I'm using magnetic mounts, phone is heavy so needs two magnets, it gets mounted in centre, so they could easily take it, iPhone xs max

But why would they? It's useless to them, without usin my face to unlock, it's tracked via find my iPhone, Uber is also tracking it, it's only good as parts to them, nope not worried, they could just as easily steal your car


----------



## oldfart (Dec 22, 2017)

autofill said:


> I'm curious what you guys are using to clamp down your $1k+ device? Are you not worried about some pax taking off with it?


Never occurred to me that that might be a problem


----------



## Kodyhead (May 26, 2015)

They can take the phone but they can try to get my badges over my dead body


----------



## Danny3xd (Nov 7, 2016)

I was worried when I first got a new and expensive flagship, next greatest thing cell phone telephone. But forgot about it. 

Never heard f it happening.

LoL!!! I just googled it. More drivers have stolen the rider's phones. New revenue stream given latest pay cuts?


----------



## autofill (Apr 1, 2016)

Classified said:


> I'm using magnetic mounts, phone is heavy so needs two magnets, it gets mounted in centre, so they could easily take it, iPhone xs max
> 
> But why would they? It's useless to them, without usin my face to unlock, it's tracked via find my iPhone, Uber is also tracking it, it's only good as parts to them, nope not worried, they could just as easily steal your car


They could sell it for a few hundred bucks as parts and you'll be out of an iPhone. Can't track it if it's turned off. Also unless you have a backup phone, you can't drive Uber until you buy a replacement iPhone. All this will set you back a grand $$. How many trips does it take to make up for that loss? I guess since I mostly drive during late night bar crowd, I'm kinda worry using an expensive iPhone and just wondering if any drivers figured out a way to make it more difficult to snatch or theft proof it.


----------



## Classified (Feb 8, 2018)

autofill said:


> They could sell it for a few hundred bucks as parts and you'll be out of an iPhone. Can't track it if it's turned off. Also unless you have a backup phone, you can't drive Uber until you buy a replacement iPhone. All this will set you back a grand $$. How many trips does it take to make up for that loss? I guess since I mostly drive during late night bar crowd, I'm kinda worry using an expensive iPhone and just wondering if any drivers figured out a way to make it more difficult to snatch or theft proof it.

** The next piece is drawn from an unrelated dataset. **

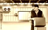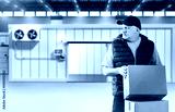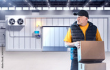 Man with boxes near cold storage warehouse. Freezer container behind loader. Refrigeration units inside industrial hangar. Freezer for storing frozen products. Man wants to take box in cold warehouse
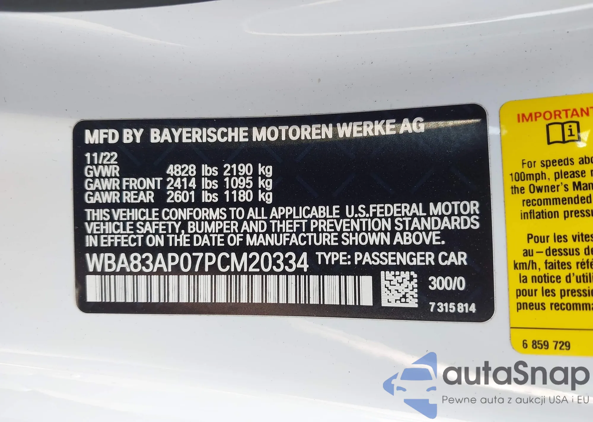 LOT: 42899176 VIN: WBA83AP07PCM20334

They can take my phone, it's insured, il gladly get a new one. A temp replacement phone is annoying. 
Still have my old 6s, so I'm safe in that respect,

But yea I get your point, the screen is the only good part, for resale, if they snatch my phone, il notice and chase them, some drivers keep phone on drivers door side, one point no one seems to notice,

Pick pocketers, I almost had my wallet stolen, from rider in backseat


----------



## Uber's Guber (Oct 22, 2017)

Classified said:


> Pick pocketers, I almost had my wallet stolen, from rider in backseat


Are you John?


----------



## Las Vegas Dude (Sep 3, 2018)

I keep my wallet in my back pocket and I only carry one credit card with me, when I started rideshare I took all the rest of my cards out.


----------



## NorCalPhil (Aug 19, 2016)

autofill said:


> I'm curious what you guys are using to clamp down your $1k+ device?





Classified said:


> It's useless to them, without usin my face to unlock


Ok, so what are you using to clamp down on your face?


----------



## peteyvavs (Nov 18, 2015)

autofill said:


> They could sell it for a few hundred bucks as parts and you'll be out of an iPhone. Can't track it if it's turned off. Also unless you have a backup phone, you can't drive Uber until you buy a replacement iPhone. All this will set you back a grand $$. How many trips does it take to make up for that loss? I guess since I mostly drive during late night bar crowd, I'm kinda worry using an expensive iPhone and just wondering if any drivers figured out a way to make it more difficult to snatch or theft proof it.


Stop worrying, I've been driving for 4 years and no one ever attempted to steal my iPhone, if someone ever did try they would be called lefty henceforth.


----------



## Uber's Guber (Oct 22, 2017)

NorCalPhil said:


> Ok, so what are you using to clamp down on your face?


----------